TASK DETAILS: Leaving all pictures out, output exactly and only the line containing "Samstag waren wir" and the lines that follow it to the end of the material below.
::: DATASET EXCERPT :::
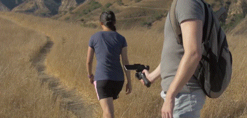跟着拍摄目标平行移动,只要手持Osmo Mobile的高度保持不变,就能得到平稳流畅的画面。
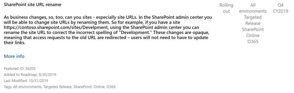 This will be a game changer, but it still helps to be intentional with site names. Why? Because if I update the URL of my SPO site and its a group connected site, then my connected apps could be impacted:
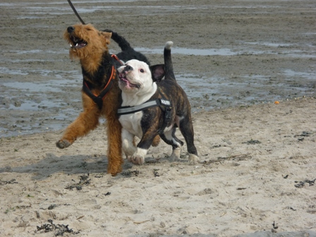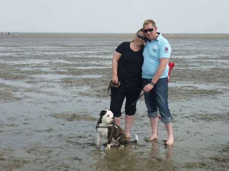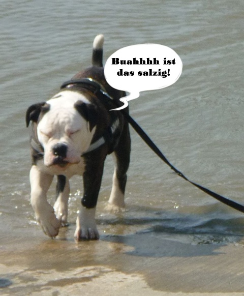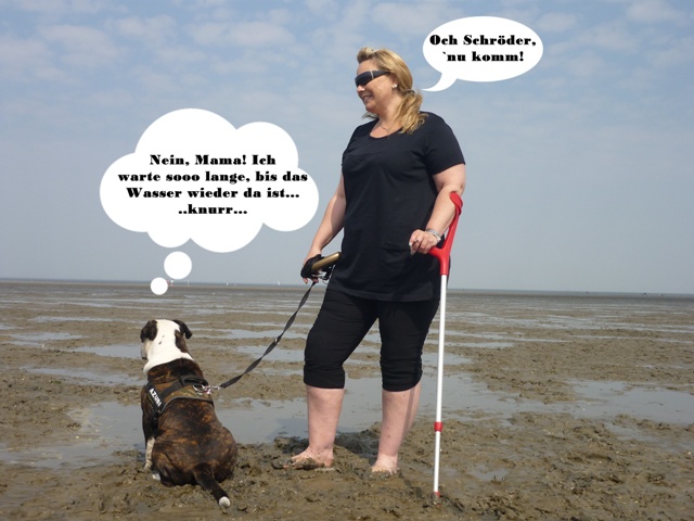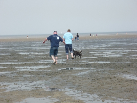 Samstag waren wir an der See! Man hab ich mich gefreut. Der Weg war etwas länger. Mama hatte mit ihrem roten Stock zu kämpfen, denn da gab es was, was die Strand und Sand nennen. Hat total gekitzelt unter den Füssen... hihi An der Wiese vorbei, eine Düne, und ZACK, die See! Ja ÄÄ! Da war das Wasser ganz weit weg:-( Ebbe nennen die das! So ein Mist! Da freut man sich darauf, und dann sowas! Hab mich hingesetzt und gewartet, aber es kam einfach nicht. Naja, dafür war da ein riieeeesiger Matschhaufen! Endlich durfte ich mich mal so richtig dreckig machen! Da lernte ich auch Lissy kennen. Die war 8 Monate alt, und ne echt heisse Braut. Haben eine Runde geflirtet, und dann ist sie auch schon weiter. Dann ging es nach Hause. Die waren zum Einkauf und haben gegrillt. Ich habe gechillt, den Garten unsicher gemacht, den Blümchen die Köpfe abgebissen, und mich hingeschmissen.
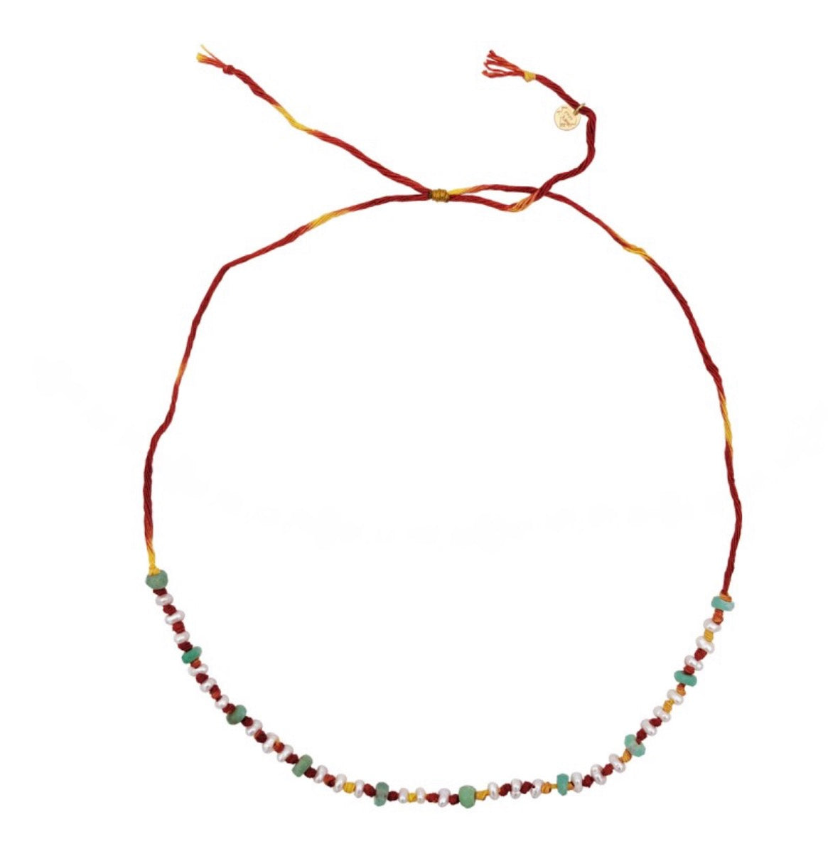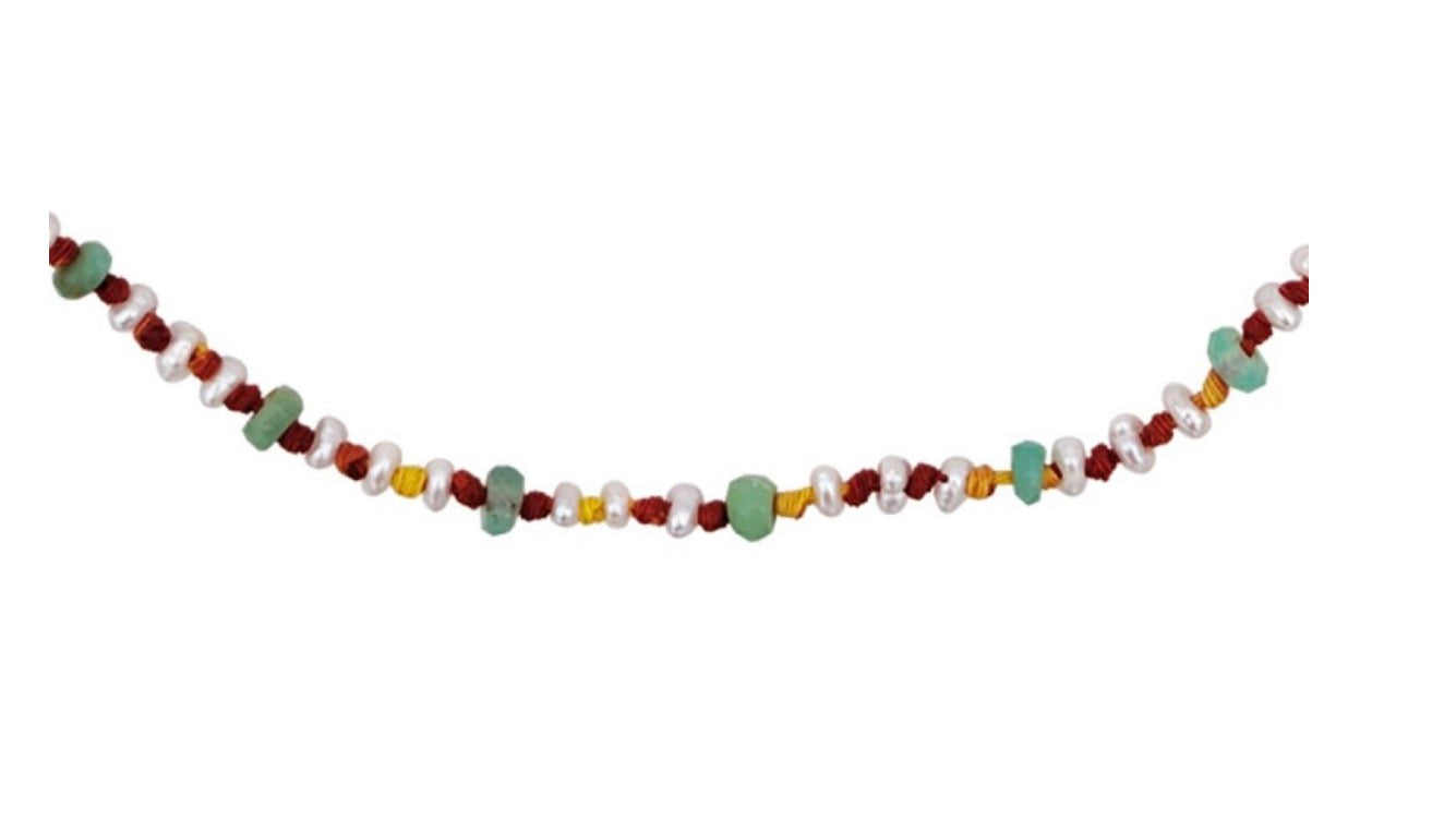 Collier Candies en perle naturelle d'eau douce, chrysoprase et cordon sacré indien
:::
SOLUTION TO THIS PROBLEM:
 Samstag waren wir an der See! Man hab ich mich gefreut. Der Weg war etwas länger. Mama hatte mit ihrem roten Stock zu kämpfen, denn da gab es was, was die Strand und Sand nennen. Hat total gekitzelt unter den Füssen... hihi An der Wiese vorbei, eine Düne, und ZACK, die See! Ja ÄÄ! Da war das Wasser ganz weit weg:-( Ebbe nennen die das! So ein Mist! Da freut man sich darauf, und dann sowas! Hab mich hingesetzt und gewartet, aber es kam einfach nicht. Naja, dafür war da ein riieeeesiger Matschhaufen! Endlich durfte ich mich mal so richtig dreckig machen! Da lernte ich auch Lissy kennen. Die war 8 Monate alt, und ne echt heisse Braut. Haben eine Runde geflirtet, und dann ist sie auch schon weiter. Dann ging es nach Hause. Die waren zum Einkauf und haben gegrillt. Ich habe gechillt, den Garten unsicher gemacht, den Blümchen die Köpfe abgebissen, und mich hingeschmissen.
 Collier Candies en perle naturelle d'eau douce, chrysoprase et cordon sacré indien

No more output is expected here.